→ **EXERCISE INPUT**
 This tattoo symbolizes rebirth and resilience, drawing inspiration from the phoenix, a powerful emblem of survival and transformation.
==
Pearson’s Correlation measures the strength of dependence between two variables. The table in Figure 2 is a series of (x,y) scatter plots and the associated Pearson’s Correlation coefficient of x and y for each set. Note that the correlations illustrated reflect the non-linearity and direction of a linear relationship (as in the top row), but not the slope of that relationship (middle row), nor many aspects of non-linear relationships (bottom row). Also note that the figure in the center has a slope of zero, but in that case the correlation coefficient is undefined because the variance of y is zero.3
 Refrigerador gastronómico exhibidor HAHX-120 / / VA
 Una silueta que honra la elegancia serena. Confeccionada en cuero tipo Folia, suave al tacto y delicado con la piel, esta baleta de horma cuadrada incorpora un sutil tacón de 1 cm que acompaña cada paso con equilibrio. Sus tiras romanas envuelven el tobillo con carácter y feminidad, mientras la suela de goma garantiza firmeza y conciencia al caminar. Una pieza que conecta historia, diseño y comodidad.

→ **TASK TO CARRY OUT**
Word for word, restate the lines above from the line containing "Pearson’s Correlation measures" through the line containing "Una silueta que", with both included and nothing else.

→ **RESPONSE FOR THIS EXERCISE**
Pearson’s Correlation measures the strength of dependence between two variables. The table in Figure 2 is a series of (x,y) scatter plots and the associated Pearson’s Correlation coefficient of x and y for each set. Note that the correlations illustrated reflect the non-linearity and direction of a linear relationship (as in the top row), but not the slope of that relationship (middle row), nor many aspects of non-linear relationships (bottom row). Also note that the figure in the center has a slope of zero, but in that case the correlation coefficient is undefined because the variance of y is zero.3
 Refrigerador gastronómico exhibidor HAHX-120 / / VA
 Una silueta que honra la elegancia serena. Confeccionada en cuero tipo Folia, suave al tacto y delicado con la piel, esta baleta de horma cuadrada incorpora un sutil tacón de 1 cm que acompaña cada paso con equilibrio. Sus tiras romanas envuelven el tobillo con carácter y feminidad, mientras la suela de goma garantiza firmeza y conciencia al caminar. Una pieza que conecta historia, diseño y comodidad.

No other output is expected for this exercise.